Author du Jour: Kathleen Hill

She-Read-to-Us-cover-smallShe Read to Us in the Late Afternoons: A Life in Novels,” by Kathleen Hill

(Delphinium Books, pp 224, $24.00)

Here is a book that could easily be missed out. So delicate in tone and style that it reads like a minuet. It is precisely the finely chiseled and graceful sentences that make this sonorous book all the more moving. Its topic, on the other hand, reads more like a symphony. A multi-layered memoir, which deals with the life of books and their influence on our lives, but without ever becoming cacophonous. Its impact, however, could not be louder, so much the ideas tackled are gigantic. You would have to be tone-deaf to miss the point Hill is driving home.

She Read to Us in the Late Afternoons” is about the rendition of a courageous young American idealist taking a teaching job in Nigeria in 1963, and who thinks she is going to remake the world. If her memoir could be a grain of sand, each chapter describes a unique universe of self-questioning, which echoes with so much truism that you will catch yourself nodding as her journey progresses, with universal truth. Big frictions are raised. The validity of a western education, which displace traditional values and cultures, in the name of economic development. It is not just the horror of the ivory trade, as in “Heart of Darkness,” or the indoctrination of charmed African workers laboring merrily in coffee plantations as in “Out of Africa,” but also the disruptive voice of “When Things Fall Apart” which departs from the accepted discourse of obvious legacy of the white man’s burden.  And Hill does not fall in the trap of explaining all the whys.

What makes this memoir so captivating is that the journey is undertaken through fiction novels. Hill excels at navigating through the labyrinth of her trajectory back to the source of the long river of colonialism, starting back at Badagry. What is it like to read “Portrait of a Lady” thousand miles away from home, in the darkest jungle? Can books really teach us anything if they taint our reality with fiction from other worlds? Of course, there is a chapter on “Madame Bovary,” who epitomizes de facto the issue of self-deception. Chances are we have all been infected with Bovarism somewhere in our life. Though a work of non-fiction, “She Read to Us in the Late Afternoons” come in a world increasingly globalized to make us ponder over our decisions and lives. Is anyone immune at all? Are you living your life or the one expected from you? “She Read to Us in the Late Afternoons” will keep you pondering.

Author du Jour: Elliot Ackerman

DarkatCrossing-smallDark At the Crossing,” by Elliot Ackerman

(Alfred A. Knopf, pp 256, $ 25.95)

Here is an author whose fiction cannot be separated from his life, or, if you indulge me, whose novels are based on his life. Once a marine, with an impressive five tours of duty in Iraq and Afghanistan, Ackerman is now a journalist based in Istanbul, from where he has been covering the Syrian Civil War since 2013. “Dark at the CrossingAckerman’s sophomore novel, after his much-heralded debut novel, “Green on Blue,” like its predecessor, deals with characters trapped in the middle of a brutal conflict. The conflict here is not just the obvious Syrian debacle, but also the one of a failed marriage. Ackerman comments on the genesis of the novel as an insight he had while meeting a revolutionary friend turned refugee. The man was having a conversation with his wife on the phone, and after he put the phone down he stated: “I was unfaithful and she’s never forgiven me.”

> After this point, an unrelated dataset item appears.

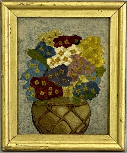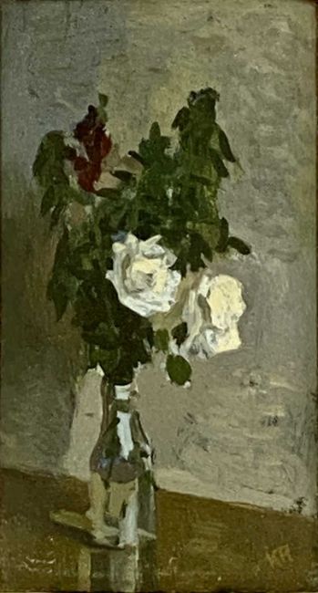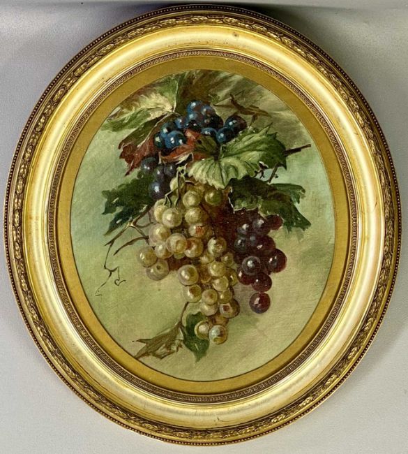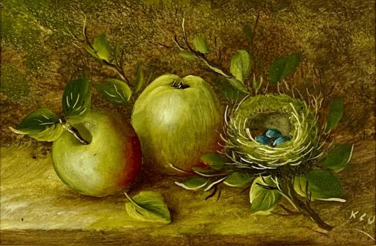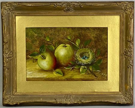 VARIOUS ARTISTS/MEDIUMS: KENNETH ROWNTREE oil on panel - entitled verso 'Two White Roses', monogrammed lower right, 17.5 x 9.5cms, UNKNOWN oil on canvas - still life vase of flowers, unsigned, 23.5 x 18.5cms, MONOGRAMMED L.B 1881 watercolour - entitled 'North Wales', 16 x 23cms, oil on board in the manner of Olivier Clare - still life birds nest and apples, 19 x 28.5cms, UNKNOWN oval oil - still life grapes, 37 x 32cmsProvenance: private collection ConwyComments: framed and glazed

The unfaithfulness here is the revolution, the belief, the inspiration, and hopes it breeds while commanding enormous sacrifices. For Ackerman a revolution is a like a marriage: two souls come together and unite to form a new ideal. When a marriage fails, parties have to reenter or recreate a new reality, often with extreme suffering. This insight lies at the core of “Dark at the Crossing.” It is a novel of fragmentation and dissolution, where sacrifices can only meet grief, insanity for the fight of lost causes. Add the loss of a child to the mix and you get a gut-squirming novel, written with the spare prose of an unforgiving Hemingway. There’s darkness all around, and perhaps a different kind of redemption. But don’t expect Hollywood, with its compulsory tendency to romanticize all situations, where a couple would develop the ultimate love, to rescue you. Wars, no matter how we look at them, are no favorable breeding grounds for love. Life, however, still pulses below, and this is where you will find the best of humanity, that the novel succeeds in capturing.